Their desire to look beyond irritants in diplomatic ties, including a decades-long border row and China’s close military ties with India’s arch rival, Pakistan, comes as Beijing is embroiled in a tariff war with Washington that has rocked the global economy.
In a sign of China’s willingness to address India’s trade deficit with it, the leaders agreed to launch a “High Level Economic and Trade Dialogue”.
As Xi meets Modi, Chinese in Chennai hope to witness the ‘Wuhan spirit’
Chinese Vice-Premier Hu Chunhua and Indian Finance Minister Nirmala Sitharaman will meet regularly to discuss ways to boost two-way trade and investments, Indian foreign secretary Vijay Gokhale said in a media briefing.
India has a US$53 billion trade deficit with China, which makes up almost a third of its total trade deficit. It is also facing pressure to decide if it will commit to the China-led

Regional Comprehensive Economic Partnership

(RCEP), which aims to create the world’s largest trading bloc involving 16 countries before the end of the year.
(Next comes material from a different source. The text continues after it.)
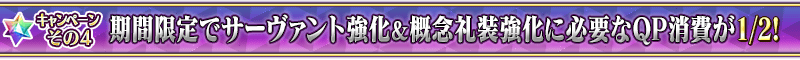下記の期間中、サーヴァントおよび概念礼装を強化する際に必要なQPの消費量が、期間限定で1/2になります!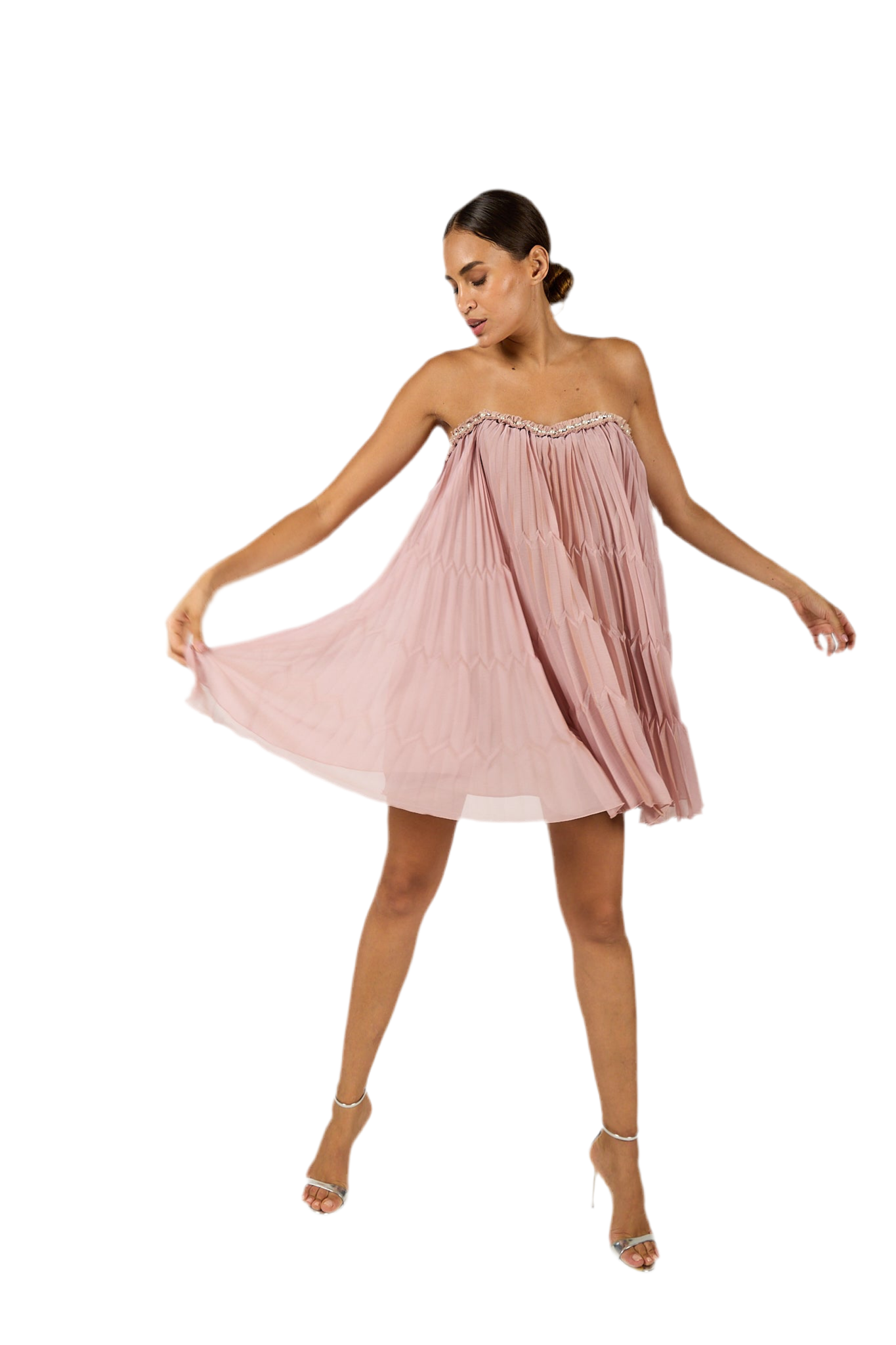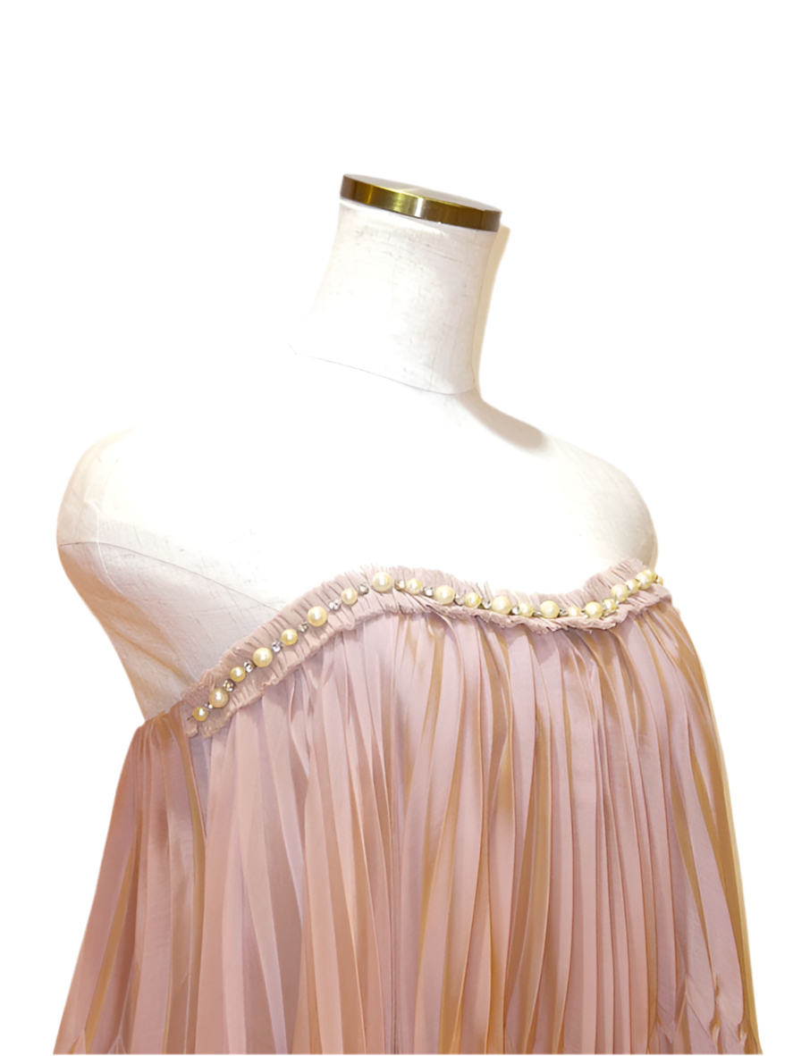 Abito voile, cristalli, perline, tinta unita con applicazioni, interno foderato, chiusura con zip, senza tasche.

Narendra Modi exchanges gifts with Xi Jinping. Photo: AFP
Narendra Modi exchanges gifts with Xi Jinping. Photo: AFP

Negotiations are ongoing with talks taking place in Bangkok this week, but India’s domestic producers have opposed the agreement over fears of a flood of Chinese imports. On Friday, the Indian government rejected clauses in the agreement related to e-commerce, according to reports.

Gokhale told the media briefing that both leaders, who met in the coastal town of Mamallapuram about 50km away from Chennai, briefly discussed the RCEP.

“PM Modi said India was looking forward to the RCEP but it is important that RCEP is balanced, that a balance is maintained in trade in goods, trade in services and investments,” he said, adding that Xi agreed to further discussions of India’s concerns on the issue.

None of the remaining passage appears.